15 anos do Portal Kids - Policiais Heróis



Em 16 de março o Portal Kids completa 15 anos de existência. Mas parece que existe há uma eternidade, que sempre fez parte da minha vida. E surgiu por acaso. Convidada por uma ONG para fazer uma pesquisa sobre pornografia infantil na Internet para investigar um suposto código secreto destas fotos chamado "kids" (crianças em inglês), tive a ideia, ajudada por um amigo, de criar um site na internet com o nome de Kids-Denúncia, com um espaço para que pessoas pudessem denunciar se estas fotos estavam mesmo circulando secretamente na Internet. Como sou jornalista, garanti o sigilo de minhas possíveis fontes e colocamos o site no ar justamente no dia 16 de março de 1999. Como achava muito remota a possibilidade de receber denúncias, ainda lembro da surpresa com que eu e meu amigo recebemos as primeiras notificações. Surpresa e horror. Imagens tão abusivas, tão doentias. 15 anos se passaram e eu ainda me pergunto: Como um ser humano pode cometer tamanha crueldade com uma criança? Certa vez, logo no início do trabalho, recebemos uma denúncia de uma série de imagens de crianças sendo violentadas e torturadas. Tudo isso exibido de um site da Internet que foi retirado do ar pelo Núcleo de Direitos Humanos da Polícia Federal de Brasília. Preocupado com minha sensibilidade o delegado, que investigou as imagens de um site do exterior e que rapidamente as tirou do ar, me ligou para aconselhar: "Wal, aconselho você a não ver essas imagens. Eu, que já vi de tudo nessa vida, estou chocado, dilacerado." Em atenção a cortesia do delegado, essa foi a única denúncia recebida nesses 15 anos de existência que não vi.
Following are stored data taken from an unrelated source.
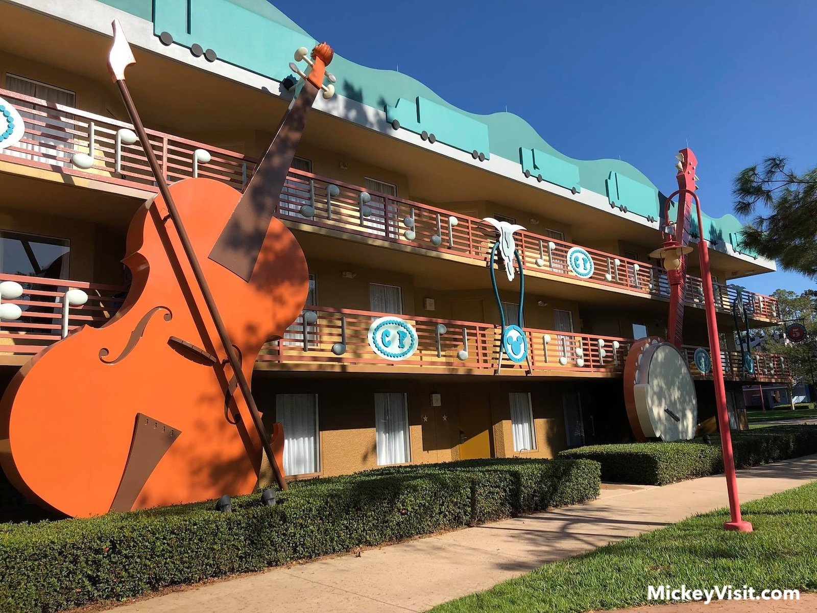 Disney's All-Star Music Resort is one of the three All-Star value resorts. Disney's All-Star Music Resort has fun music-inspired theming paying homage to various genres like country, jazz, rock ‘n’ roll, calypso, and Broadway-style show tunes. It has recreation like the guitar-shaped Calypso Pool, the keyboard-shaped Piano Pool, and an arcade as well as a food court, family suites with music decor, and more.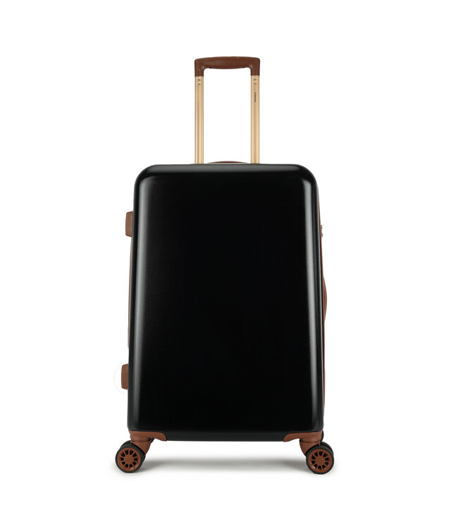 De Decent Retro Zwart medium koffer is een harde koffer van polycarbonaat, 66×42×26 cm. 65 liter — goed voor een week of twee op vakantie. Leeggewicht: 3.7 kg.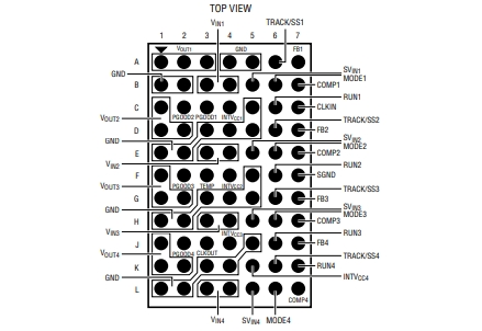 LTM4644IY#PBF外部偏置供電,輸入電壓范圍為4V~14V或2.375V~14V,輸出電壓范圍為0.6V~5.5V。其高效率的設計提供了每個通道4A連續(xù)(5A峰值)的輸出電流,只需要大量的輸入和輸出電容。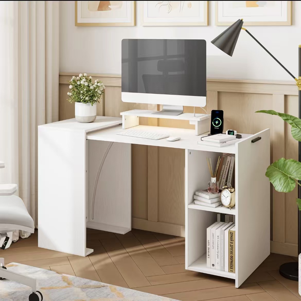 跨境电商亚马逊带三个抽屉和储物架的电脑桌,家庭办公桌带文件抽屉和柜子,带长显示器支架和打印机架的学习桌,行政桌,白色,跨境电商亚马逊木质书桌(白色/黑色):3个抽屉+3个架子,非常适合家庭办公室/书房使用,跨境电商亚马逊带抽屉的电脑桌,白色带储物架的书桌,家庭办公室带存储功能,适合小空间的学习和写作桌子白色/自然色,跨境电商亚马逊白色角落桌90度三角形设计适用于电脑小空间卧室化妆台带储物架和CPU支架节省空间的书写桌,
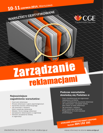 10-11 szawa r a W , 4 1 0 2 czer wca TY A T Z S R WA ANE W O K I F CERT Y e i n a z d ą z Zar i m a j c a reklam Najważniejsze zagadnienia warsztatów: • • • • Czym jest reklamacja Proces reklamacji w ujęciu psychologicznym Dynamika procesu reklamacyjnego Jak pracować z osobami, które rozpatrują reklamacje • Modele i formy obsługi reklamacji • Zarządzanie reklamacjami w organizacji • Element zarządzania wiedzą w organizacji Podczas warsztatów dowiedzą się Państwo o: • Czym charakteryzuje się organizacja nastawiona na klienta • Czym charakteryzuje się proces reklamacji • Jak wykorzystać i zarządzać wiedzą jaką niesie za sobą reklamacja • Jak pracować z osobami, które rozpatrują reklamacje • Reagowanie na trudne sytuacje prezentacyjne E T Y GRUPOW A B A R E JN Y ATRAKCY OFERUJEM 52 181 1 4 0 6 t: k ta n Ko ZGŁOSZENIA: fax 22 651 80 75 e-mail: [email protected] więcej informacji na stronie www.certge.pl 10-11 szawa r a W , 4 1 0 2 czer wca Z e i n a z arząd i m a j c lama rek Prelegent: Grzegorz Skrzypczak Cel warsztatów: Niewiele organizacji przywiązuje dostateczną wagę do budowania więzi z Klientem poprzez odpowiednią obsługę reklamacji. Celem zajęć jest przygotowanie uczestników do zbudowania i wdrożenia nowego modelu zarządzania reklamacjami. Każdy kontakt z Klientem jest formą komunikacji, zapewniającą cenne informacje, które mogą być wykorzystane do poprawy jakości usług firmy. Dlatego też podczas seminarium wskażemy Państwu jak skutecznie wykorzystywać i zarządzać reklamacjami – jednym z kluczowych narzędzi poprawiających jakość usług przedsiębiorstwa. W trakcie zajęć omówione zostaną poszczególne etapy obsługi Klienta, zależności pomiędzy Klientem a organizacją, zaprezentowane zostaną modele i formy obsługi reklamacji. W trakcie naszych warsztatów dowiedzą się Państwo również jak doskonalić swoje umiejętności menedżerskie – jak zarządzać i jak szkolić pracowników zaangażowanych do obsługi reklamacji. Zajęcia będą miały charakter warsztatowy. W trakcie ćwiczeń i studiów przypadku będą Państwo mieli możliwość skorzystania z praktycznych wskazówek trenera. – trener z ponad 15-letnim doświadczeniem zawodowym w strukturach handlowych dużych korporacji. Absolwent Uniwersytetu Wrocławskiego (prawo) oraz Szkoły Wyższej Psychologii Społecznej w Warszawie (studia podyplomowe). Pracę trenerską łączy z działalnością jako mediator – jest mediatorem z listy Ministra GiPS. Jako trener specjalizuje się w projektach szkoleniowo-doradczych z obszaru zarządzania relacjami, komunikacji, negocjacji i rozwiązywania konfliktów. Autor publikacji poświęconych negocjacjom i mediacjom dla prawników. Szkolenie zamknięte W przypadku zainteresowania tym szkoleniem większej liczby osób z Państwa organizacji z przyjemnością przygotujemy je dla Państwa w wersji szkolenia zamkniętego. Prosimy o kontakt z kierownikiem projektu Anną Milewską e-mail: [email protected] Serdecznie zapraszamy! Na zakończenie warsztatów każdy z uczestników otrzyma certyfikat uczestnictwa. Serdecznie zapraszamy do uczestnictwa. Z poważaniem, Anna Milewska KONTAKT/ZGŁOSZENIA Do uczestnictwa zapraszamy: • Menedżerów, specjalistów działów: reklamacji, zarządzania jakością, sprzedaży • osoby pracujące w Biurze Obsługi Klienta • osoby odpowiedzialne za zarzadzanie relacjami z klientami • wszystkich, zainteresowanych obsługą reklamacji oraz obsługą klienta. Anna Milewska Kierownik projektu e-mail: [email protected] tel: 604 152 181 fax: 22 651 80 75 ZGŁOSZENIA: fax 22 651 80 75 e-mail: [email protected] więcej informacji na stronie www.certge.pl 10-11 szawa r a W , 4 1 0 2 czer wca Z e i n a z arząd i m a j c lama rek PROGRAM DZIEŃ I 10 czerwca 2014 Czym jest reklamacja? • • • • Reklamacja a proces sprzedaży Reklamacja a proces obsługi Klienta Reklamacja z punktu widzenia Klienta Reklamacja z punktu widzenia Handlowca lub Opiekuna Klienta • Reklamacja z punktu widzenia firmy Proces reklamacji w ujęciu psychologicznym • Reklamacja jako sytuacja konfliktowa - Specyfika tych sytuacji konfliktowych - dynamika i przebieg • Charakterystyka podstawowych postaw w procesie reklamacji • Charakterystyka i analiza podstawowych potrzeb w procesie reklamacyjnym Dynamika procesu reklamacyjnego: • Etapy składania reklamacji - fazy procesu reklamacyjnego • Uczestnicy procesu reklamacyjnego • Role i funkcje oraz zadania uczestników procesu reklamacyjnego • Typy klientów składających reklamacje • Typowe błędy popełnianie przez firmy w procesie reklamacyjnym DZIEŃ II 11 czerwca 2014 Jak pracować z osobami, które rozpatrują reklamacje • Kluczowe kompetencje osób pracujących z reklamacjami • Odpowiedzialność menedżerska za jakość pracy działu obsługi Klienta zajmującego się reklamacjami • Jak rozwijać osoby zaangażowane do obsługi reklamacji? Modele i formy obsługi reklamacji • Analiza typowych modeli i form obsługi reklamacji: – Reklamacje osobiste – Reklamacje pisemne • Nieefektywne modele obsługi reklamacji • Trzy perspektywy efektywnych modeli obsługi reklamacji: – Perspektywa Klienta – Perspektywa organizacji – Perspektywa innych uczestników procesu reklamacyjnego Zarządzanie reklamacjami w organizacji • • • • Mapowanie procesów obsługi Klienta Mapowanie procesów obsługi reklamacji Podstawowe zasady zarządzania reklamacjami Kultura organizacyjna a zarządzanie reklamacjami Elementy zarządzania wiedzą w organizacji • Czym jest zarządzanie wiedzą w organizacji? • Jaką wiedzę może dostarczyć reklamacja? • Elementy zarządzania wiedzą płynącą z procesu reklamacji Ramowy rozkład zajęć: 9.00 Rozpoczęcie szkolenia 10.30 przerwa na kawę 12.30 – 13.30 Obiad 15.30 przerwa na kawę 17.00 Zakończenie szkolenia ZGŁOSZENIA: fax 22 651 80 75 e-mail: [email prote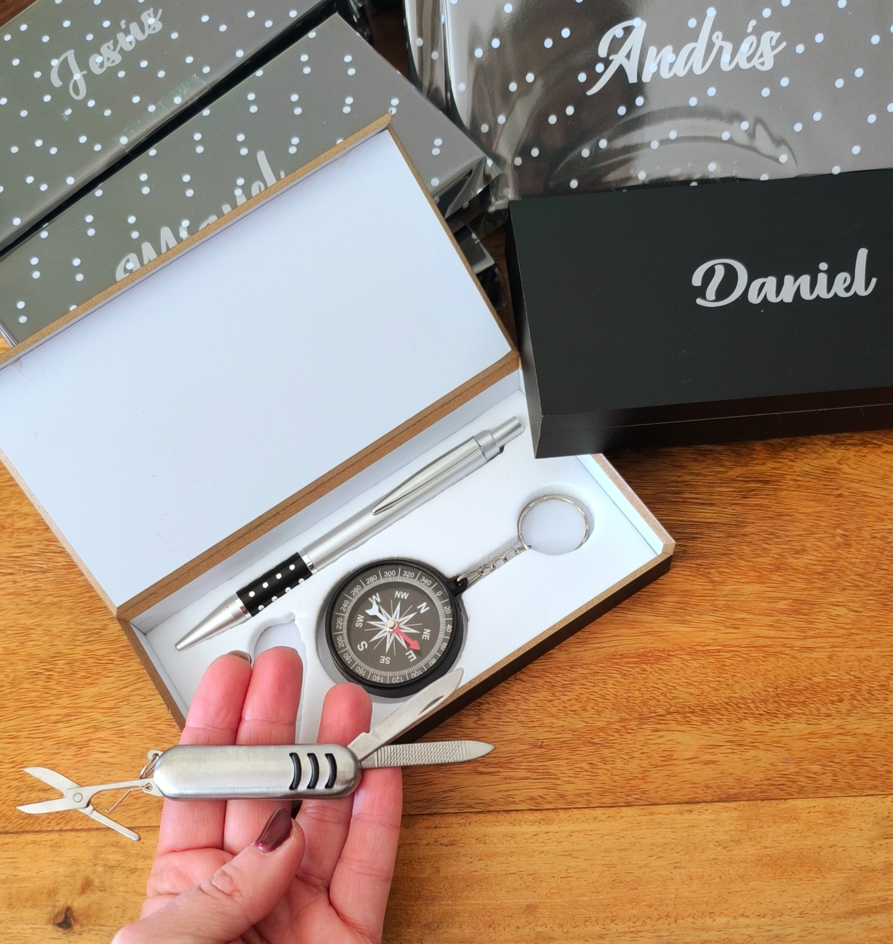 Set brujula, boli y navaja llavero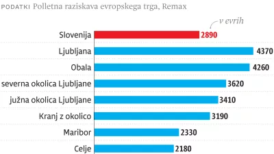 »Kljub temu da je število prodaj stanovanjskih nepremičnin v prvem letošnjem polletju nekoliko nižje kot v enakem obdobju lani, je pričakovati, da bodo cene nepremičnin v Sloveniji ostale stabilne. Za zdaj zaznavamo tudi rahlo rast hipotekarnih posojil, kar na dolgi rok pripelje do živahnejšega trga,« pravi Tanja Tučić iz nepremičninske družbe Remax, kjer so pripravili primerjave nepremičninskih trgov v Evropski uniji. Lastniki nepremičnin so lahko zadovoljni. Po zbranih podatkih so se v Sloveniji prodajne cene nepremičnin v letošnjem polletju povečale za pet odstotkov v primerjavi z enakim lanskim obdobjem. Povprečna prodajna cena stanovanjske hiše na ravni države je bila 160.000 evrov, povprečna cena stanovanja pa 2890 evrov na kvadratni meter (računana je mediana oziroma srednja vrednost). V Ljubljani je povprečna prodajna cena stanovanjske hiše 416.000 evrov, cena stanovanja pa 4370 evrov na kvadratni meter. V slovenski Istri je povprečna dosežena prodajna cena za stanovanjsko hišo znašala 325.000 evrov, cena kvadratnega metra stanovanja pa 4260 evrov. V Mariboru je povprečna cena za kvadratni meter stanovanja 2330 evrov, prodajna cena stanovanjske hiše pa 184.000 evrov.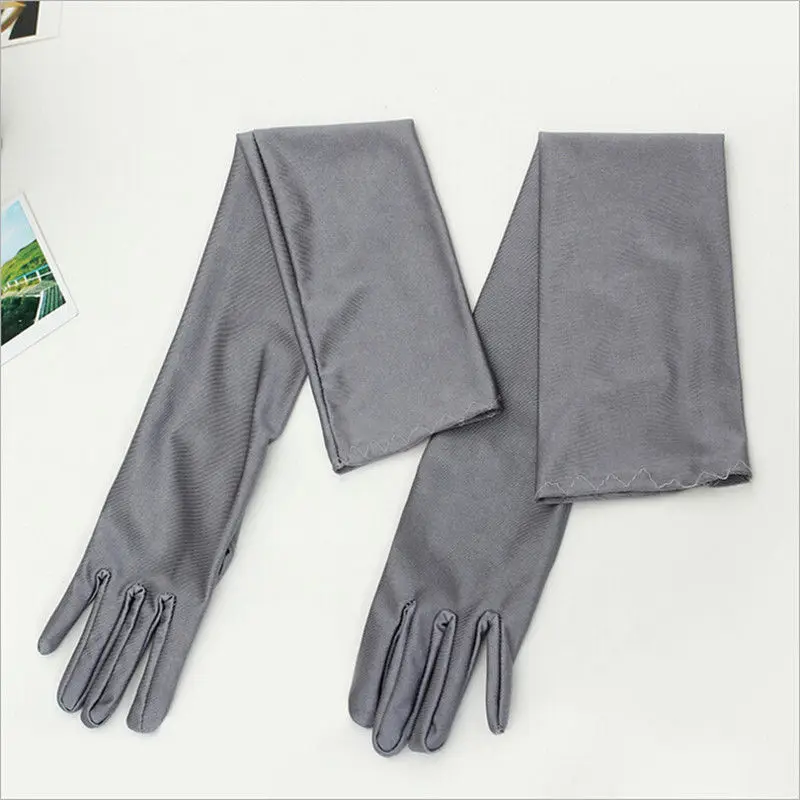 Черные, белые, красные, серые кожаные перчатки оперылокотьзапястье, Стрейчевые атласные длинные перчатки с пальцами, женские Хлопушки, перчатки, подходящие к костюму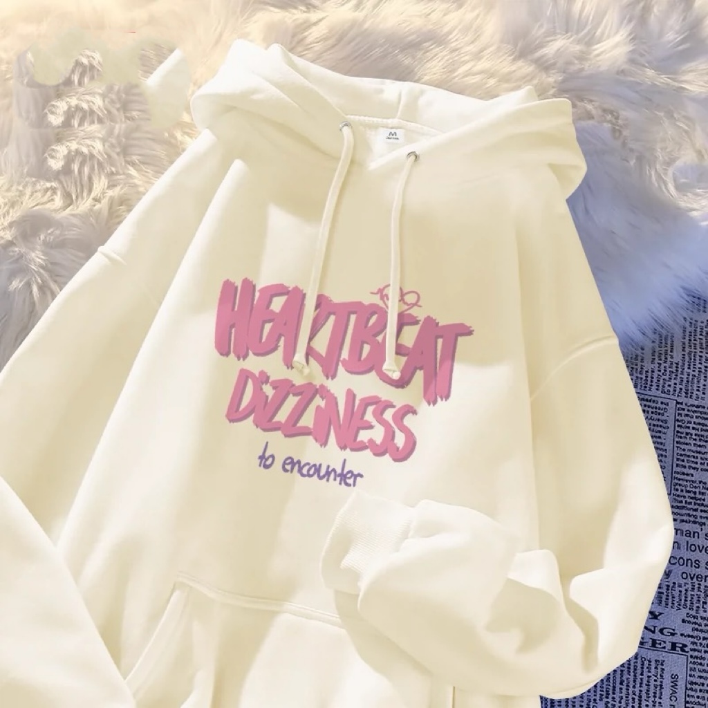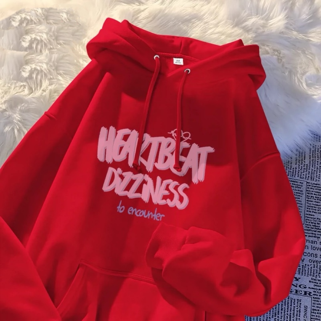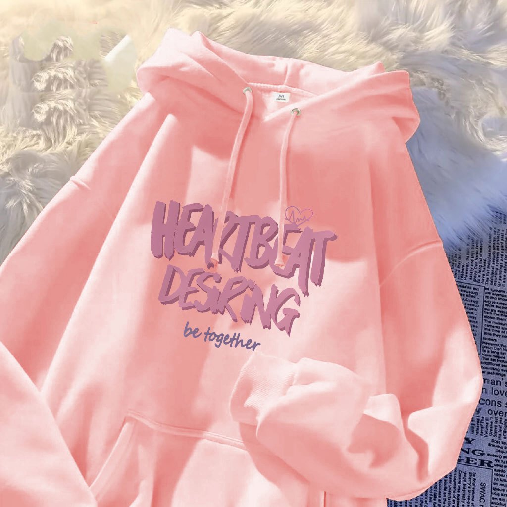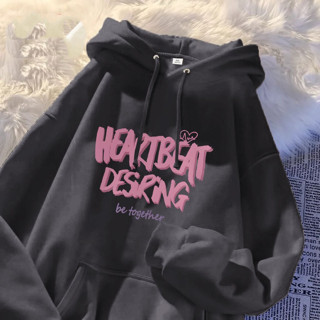 Hoodies For Women HEARTBEAT Casual Hoody Jacket Cotton Jacket For Women&Men Oversize Pullover Hoodie

Um filme passa por minha cabeça, uma vida de histórias. Tantas ações, sucessos, luta e, acima de tudo, tanta transformação para melhor. Com muito humildade ouso dizer que o Kids-Denúncia, depois denominado Portal Kids, primeira central de denúncias contra a pornografia infanto-juvenil no Brasil, mudou a história do combate a este crime no país, assim como a do desaparecimento de crianças.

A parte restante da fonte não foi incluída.